The first time I heard Pageview Tracking I was a bit confused on how it differs from the number of pageview reports. This is then I discovered that this is used to track virtual pageviews on your page. For example, you are linking to a domain outside yours or you are linking a downloadable content.

_gaq.push(['_trackPageview', 'virtual-pagename']);

Be mindful because it is case sensitive! I’ve used _trackPageView (capital V) instead of _trackPageview and it didn’t work.

Why bother with pageview tracking when you can just do event tracking on the Download button!?

Good point. You can track them with event tracking but you cannot use them on your Goals which is the next topic.

Goals and Funnels

Goals are your actual goals for your website. For example, you have an ebook and requires your visitor to submit their email address or subscribe to your newsletter before they can download the ebook. You can set up that as your Goal.

Funnels are a series of pages or virtual pages which leads to your Goal.
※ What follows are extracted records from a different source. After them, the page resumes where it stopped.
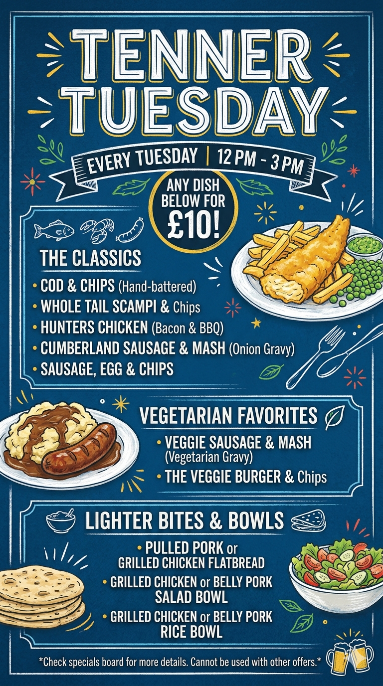 Tenner Tuesday12 till 3 FOR ENQUIRIES AND BOOKINGS PLEASE CLICK HERE FOR ENQUIRIES AND BOOKINGS PLEASE CLICK HERE
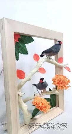 标本选用的动物是虎皮鹦鹉:鹦形目,鹦鹉科,虎皮鹦鹉属。虎皮鹦鹉会和感情好的同伴相互梳毛,“两小无猜”意在表达天真烂漫,表现鹦鹉之前亲昵的神态。两小无猜的友谊是最难得的幸运,值得用一生来珍藏。世人所追求的爱,是心心相印的默契,是两小无猜的情怀,是同甘共苦的相伴,是携手白头的幸福。
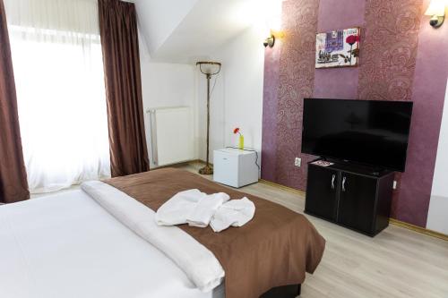 Hotel Rodiv features a seasonal outdoor swimming pool, terrace, a restaurant and bar in Găiești. The hotel also provides free WiFi and free private parking.
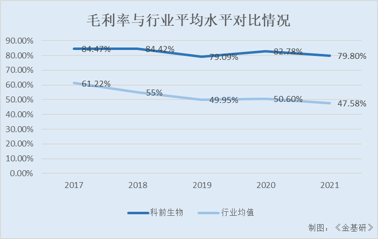 2017-2021年,科前生物的毛利率分别为84.47%、84.42%、79.09%、82.78%、79.8%。
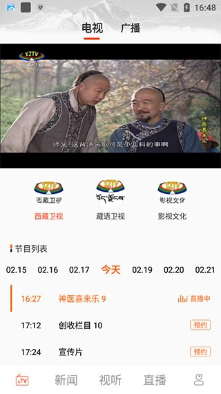 2. 点击页面左侧的广播选项,即可查看西藏卫视、藏语卫视、影视文化频道的电视直播,也能收听各类广播节目。
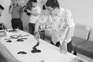 近日,来自周总理故乡江苏淮安的国家一级美术师、中国书法家协会会员庄辉先生专程到鹿邑拜谒老子,汲取老子文化,并把所思所想所感抒发于笔端。(记者 杜少华 摄)
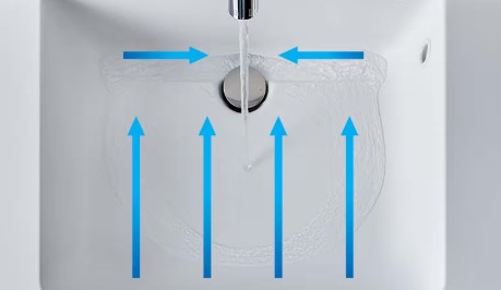 ボウル奥の段差に向かって、汚れやゴミをスムーズに洗い流せます。幅広の段差でとらえた水は、そのまま排水口へと流れ込んでいくボウルデザインです。
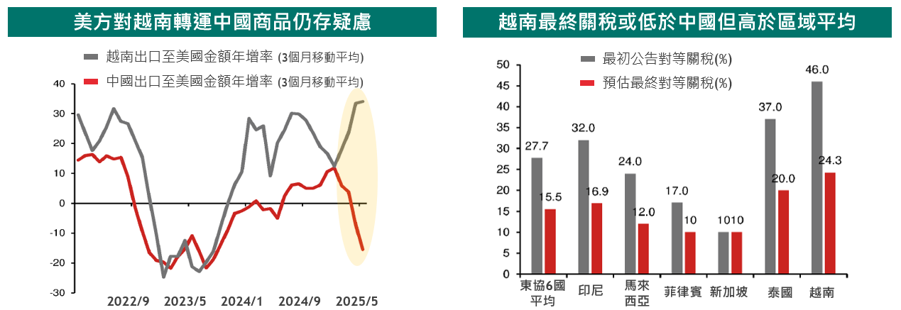 其次,關於洗產地議題,越方表示企業會願意配合減少對中國依賴,但需要調整時間。進一步細看近月越南出口至美國金額年增率,以及中國出口至美國年金額年增率,兩者增速呈現反向關係,暗示美國對於越南轉運中國商品的疑慮或有一定依據。
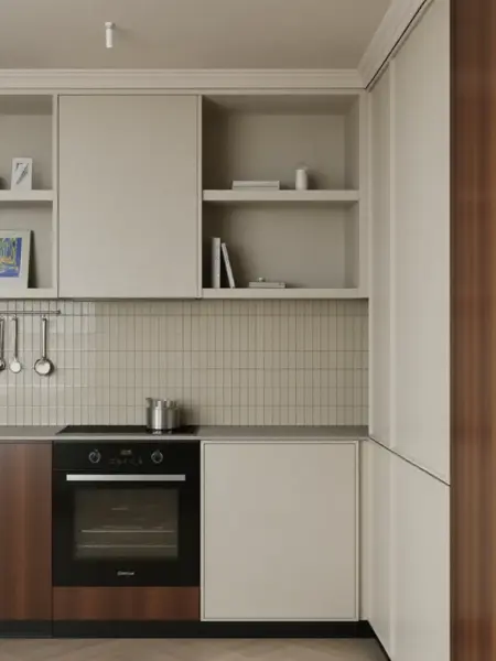 WD,这张照片展示了一间现代极简风格的客厅与厨房一体化空间。客厅区域摆放着浅蓝色丝绒沙发,配有两个绿白相间图案的靠垫,前方是米色墙壁,墙内嵌有置物架。厨房区域采用流线型米色橱柜和不锈钢烤箱,后挡板为白色亚光瓷砖,水槽上方悬挂着一盏小巧的现代吊灯。整个空间由嵌入式顶灯充分照明。
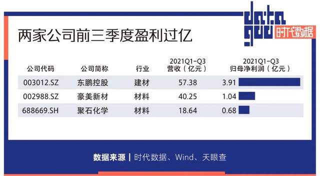 其中,东鹏控股(003012)业绩遥遥领先,前三季度营收57.38亿元、归母净利润3.91亿元。其后,豪美新材(002988)前三季度营收40.25亿元、归母净利润1.04亿元,位居第二;聚石化学(688669)前三季度营收18.64亿元、归母净利润0.68亿元,位居第三。
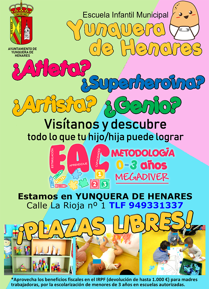 La Escuela Infantil Municipal de Yunquera de Henares tiene todavía plazas libres para el presente curso escolar 2019/2020.
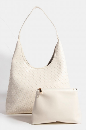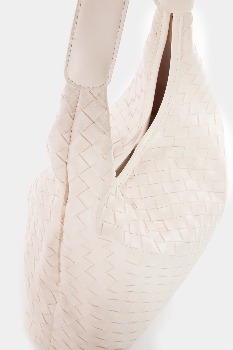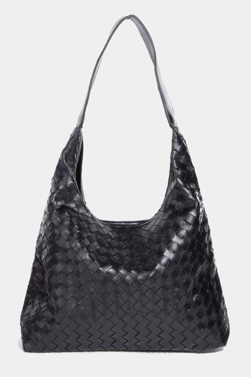 - This tote bag showcases a timeless woven faux leather style. Savor the allure of detailed craftsmanship in this exquisite tote bag.
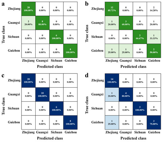 The confusion matrices for different models were obtained using all the data from 78 LJT samples from four production areas. (a) Training set of LDA. (b) Testing set of LDA. (c) Training set of RF. (d) Testing set of RF. The darker the green and blue colours in the matrix squares, the higher the accuracy rate.
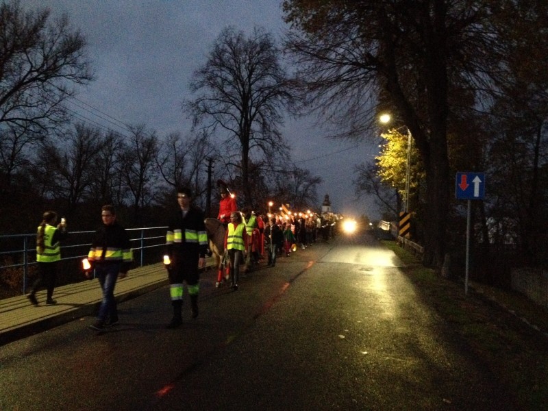Dnia 11.11.2015 roku o godzinie 16:30 wszyscy mieszkańcy świętowali obchody Św. Marcina. Jak co roku, już tradycyjnie, nasza wioska rozbłysła wieloma światełkami. Wszyscy zebrali się pod budynkiem Straży Pożarnej. Uroczystość rozpoczął Św. Marcin- jak tradycja nakazuje- na koniu. Za nim, z lampionami i pochodniami szły dzieci, po czym orkiestra i wszyscy mieszkańcy. Przemarsz zakończył się na placu zabaw. Organizatorzy przygotowali dla uczestników mały poczęstunek.
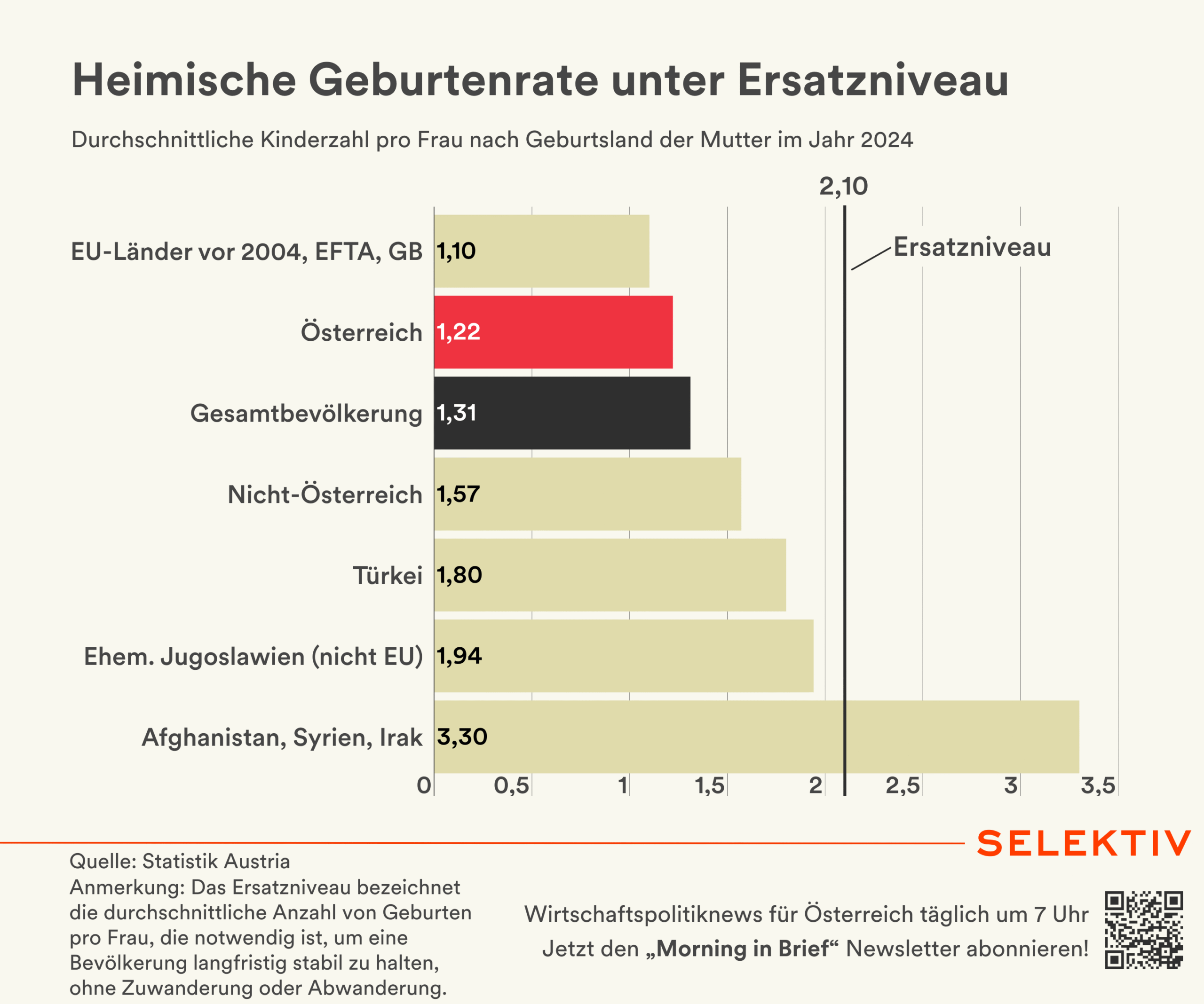 Grafik (von Christoph Hofer): Die durchschnittliche Kinderzahl pro Frau ist 2024 auf ein Allzeit-Tief gesunken. Mit 1,31 Kindern pro Frau lag die Geburtenrate in der Gesamtbevölkerung deutlich unter dem Ersatzniveau von 2,10 Kindern pro Frau, das für eine stabile Bevölkerungsentwicklung ohne Zuwanderung erforderlich ist. Unter den Ländern der EU vor 2004, den EFTA-Staaten und Großbritannien war die Geburtenrate mit 1,10 Kindern pro Frau am niedrigsten. Frauen, die in Österreich geboren wurden, hatten im Durchschnitt 1,22 Kinder, während Frauen mit ausländischer Herkunft auf 1,57 Kinder kamen. Die höchsten Geburtenraten verzeichneten Frauen aus der Türkei (1,80 Kinder), dem ehemaligen Jugoslawien außerhalb der EU (1,94 Kinder) sowie aus Afghanistan, Syrien und dem Irak (3,30 Kinder). [Quelle: Migrationsbericht 2025]
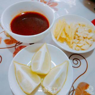 准备调一碗汁:3勺奥尔良调味料,1勺酱油,1勺蚝油,0.5勺老抽,2勺花生油,蒜蓉辣椒酱1勺,少许盐混合在一起。蒜头米切碎,姜切条,柠檬一个切块。
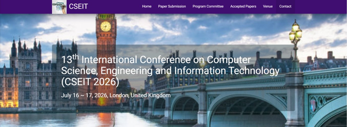 13th International Conference on Computer Science, Engineering and Information Technology (CSEIT 2026) will provide an excellent international forum for sharing knowledge and results in theory, methodology and applications of Computer Science, Engineering and Information Technology. The Conference looks for significant contributions to all major fields of the Computer Science and Information Technology in theoretical and practical aspects. The aim of the conference is to provide a platform to the researchers and practitioners from both academia as well as industry to meet and share cutting-edge development in the field.
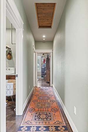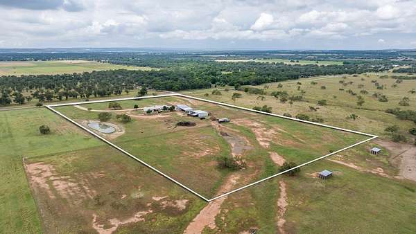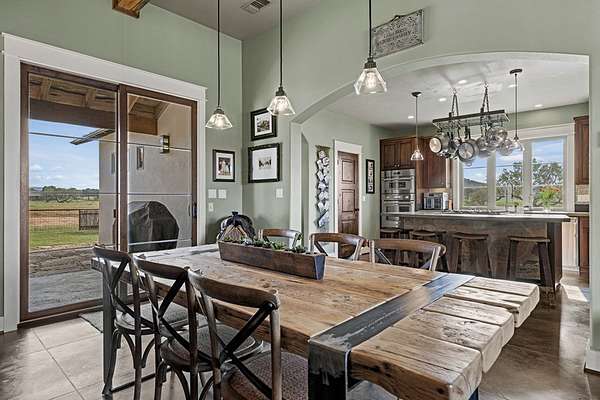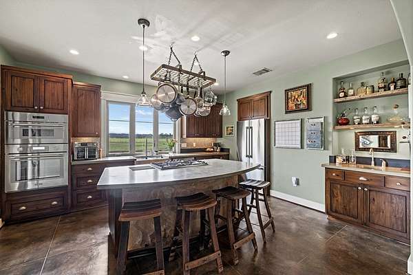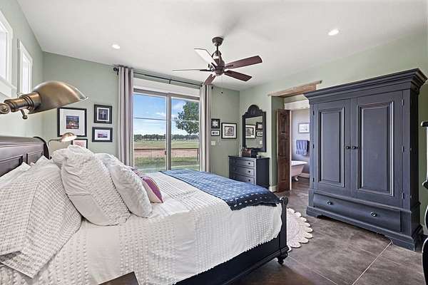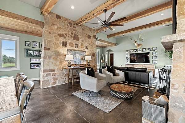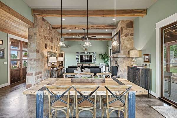 Pastoral views of the surrounding Hill Country set the scene for this 13.25-acre property, just minutes from Fredericksburg's Main Street and wineries. This 2,315 sq ft, 3-bedroom, 3.5 bathroom home, built in 2009 by Richard Laughlin, offers a blend of rustic charm and modern amenities. Inside, a rock accent wall, stained concrete floors, and natural light create a welcoming atmosphere. The kitchen boasts Thermador appliances, custom cabinetry, concrete countertops, and a rugged island. Outside, a stone patio with an outdoor fireplace is perfect for relaxation. The property includes a modern 60x40 Mueller metal steel barn with a custom welded pen system and covered livestock working pens, suitable for cattle and equine use. It also features a rainwater collection system and an enclosed insulated feed/tack room. Additionally, there's a charming casita with a full bathroom connected to the carport and workshop, providing extra living space or guest accommodations. With three lush grass pastures, a stock pond, and space for livestock, this property is ideal for Hill Country ranching. Don't miss this opportunity to own a well-equipped Texas property.
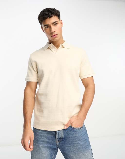Selected Homme – Beżowa koszulka polo z fakturowanej bawełny
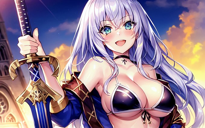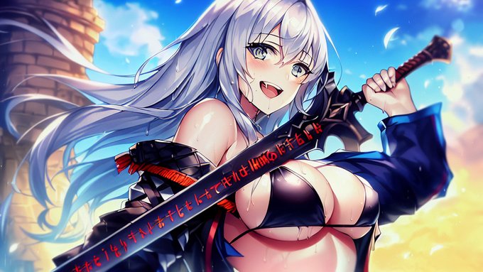 我ら、魔剣銀髪半脱ぎビキニ騎士団なり! 助太刀のため、この関所を押し通る! 命惜しくば退けい! #TrinArt
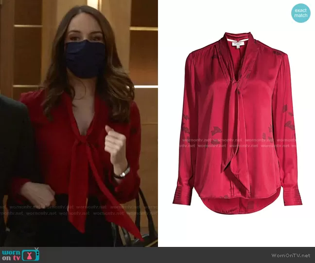 Isabella Colón (played by Yara Martinez) on Bull on CBS was spotted wearing this red floral tie neck blouse on Bull on episode 'The Boy Who Cried Murder' (5x10) in Mar 2021. Izzy's Top is the Fayanna Silk Neck-Tie Blouse by Equipment.
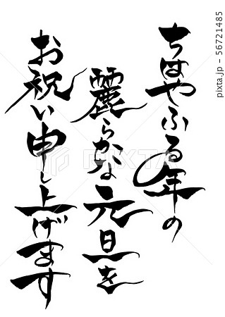 筆文字 「ちはやふる年の麗らかな元旦をお祝い申し上げます」

Home -> Subscription page -> Confirmation link -> Ebook download page

To further your understanding, you can check out this article: The Geek Guide To Understanding Funnels in Google Analytics

Classic GA vs Universal Analytics

Another note to take, there are two types of Google Analytics tracking methods out there. I wasn’t aware of this first and it lead to nothing good so let me at least inform whoever is reading this post if you’re still not aware of it. Most Google Analytics tutorials in existence used the syntax for the Classic Analytics, which is the old one. And the current tracking code on your GA Admin (if you migrated to the new GA) is the new one, Universal analytics. You might not want to interchange the two because they both differ in syntax and functions.

This is what the Classic Analytics tracking code looks like:

var _gaq = _gaq || [];
	_gaq.push(['_setAccount', 'UA-XXXXXXXX-X' ]);
    _gaq.push(['_trackPageview']);

    (function() {
        var ga = document.createElement('script'); ga.type = 'text/javascript'; ga.async = true;
        ga.src = ('https:' == document.location.protocol ? 'https://ssl' : 'http://www') + '.google-analytics.com/ga.js';
        var s = document.getElementsByTagName('script')[0]; s.parentNode.insertBefore(ga, s);
    })();

This is what the Universal Analytics tracking code looks like:

(function(i,s,o,g,r,a,m){i['GoogleAnalyticsObject']=r;i[r]=i[r]||function(){
(i[r].q=i[r].q||[]).push(arguments)},i[r].l=1*new Date();a=s.createElement(o),
m=s.getElementsByTagName(o)[0];a.async=1;a.src=g;m.parentNode.insertBefore(a,m)
})(window,document,'script','//www.google-analytics.com/analytics.js','ga');

ga('create', 'UA-XXXXXXXX-X', 'gianfaye.com');
 	ga('send', 'pageview');

Be careful not to use both tracking codes!

That’s it. I think I summed up everything I need to note for anyone introducing themselves with Google Analytics. If you have additional comments or suggestions you can just hit up the comment box below.